# The Geometry of Truth

We include here all code for replicating the figures and experiments of our paper *The Geometry of Truth: Emergent Linear Structure in Large Language Model Representations of True/False Datasets*.

## Using LLaMA
You should have your own LLaMA weights stored on the machine containing this repo. There are a few places where you'll need to manually replace the line of code
```
LLAMA_DIRECTORY = '/home/ubuntu/llama_hf
```
with where you store your weights.

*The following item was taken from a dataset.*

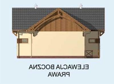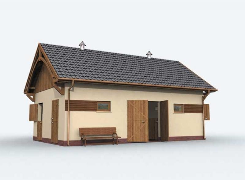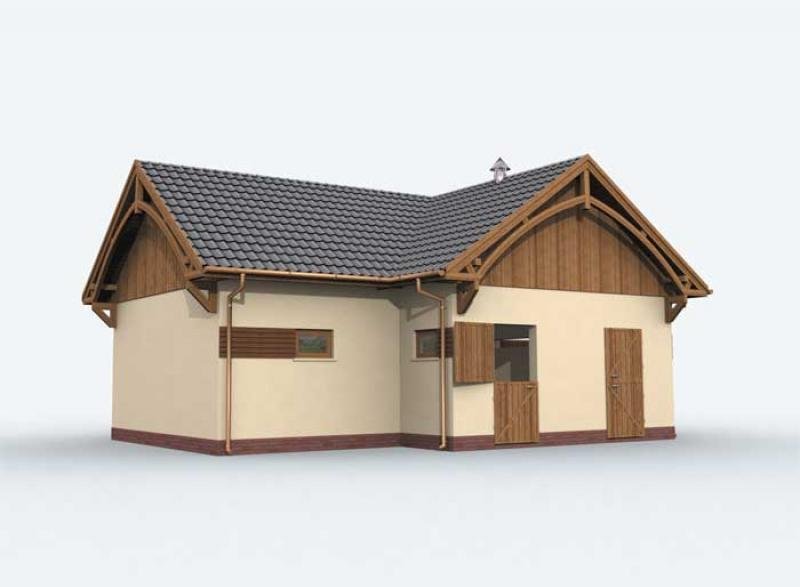 Ten projekt stajni okaże się świetnym rozwiązaniem dla osób, myślących o nieco rozbudowanej hodowli koni. Mamy tu bowiem cztery wygodne boksy (jednak zbyt małe dla dużej, mającej się oźrebić klaczy), z których zwierzęta mogą bezpośrednio wyjść na zewnątrz budynku. Ponadto wszystkie boksy zostały połączone obszerną komunikacją, z której wyjście znajduje się z lewej strony budynku. W drugiej części budynku, stanowiącej swoisty wykusz przewidziano paszalnię, do której wchodzi się wprost z komunikacji przeznaczonej dla zwierząt oraz siodlarnię z dostępem do łazienki. Siodlarnia została zaopatrzona w dodatkowe wyjście na zewnątrz otoczone niewielkim ganeczkiem. Jeżeli myślisz o posiadaniu czterech koni, to ten projekt będzie dla Ciebie z pewnością wygodnym rozwiązaniem!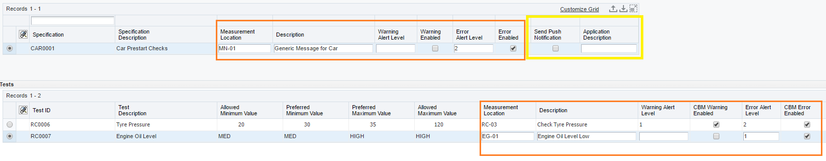 In this example the Engine Oil Level test has Error Alert Level set to “1’ this means that if the test Fails then this will just trigger a warning message rather than an Alarm message. However, we might have other engine tests where a particular result indicates an imminent failure where a failed test result should trigger an Alarm state (which could then trigger a subsequent Work Order as well as notification emails etc.)

These places are in: `few_shot.py`, `generate_acts.py`, and `interventions.ipynb`. You'll also need to change the line
```
ROOT = '/home/ubuntu/statement_reps/'
```
in `few_shot.py` and `utils.py` to store the path to this directory (i.e. the pathname should be of the form ".../geometry_of_truth/").

## Generating activations
You'll need to generate the LLaMA activations for the datasets you'd like to work with. You do this with a command like
```
python generate_acts.py --model 13B --layers 8 10 12 --datasets cities neg_cities --device cuda:0
```
These activations will be stored in the acts directory. If you want to save activations for all layers, simply use `--layers -1`.

## Files
This directory contains the following files:
* `dataexplorer.ipynb`: for generating visualizations of the datasets. Code for reproducing figures in the text is included.
* `few_shot.py`: for implementing the calibrated 5-shot baseline.
* `generalization.ipynb`: for training probes on one dataset and checking generalization to another. Includes code for reproducing the generalization matrix in the text.
* `interventions.ipynb`: for reproducing the causal intervention experiments from the text.
* `probes.py`: contains definitions of probe classes.
* `utils.py` and `visualization_utils.py`: utilities for managing datasets and producing visualizations.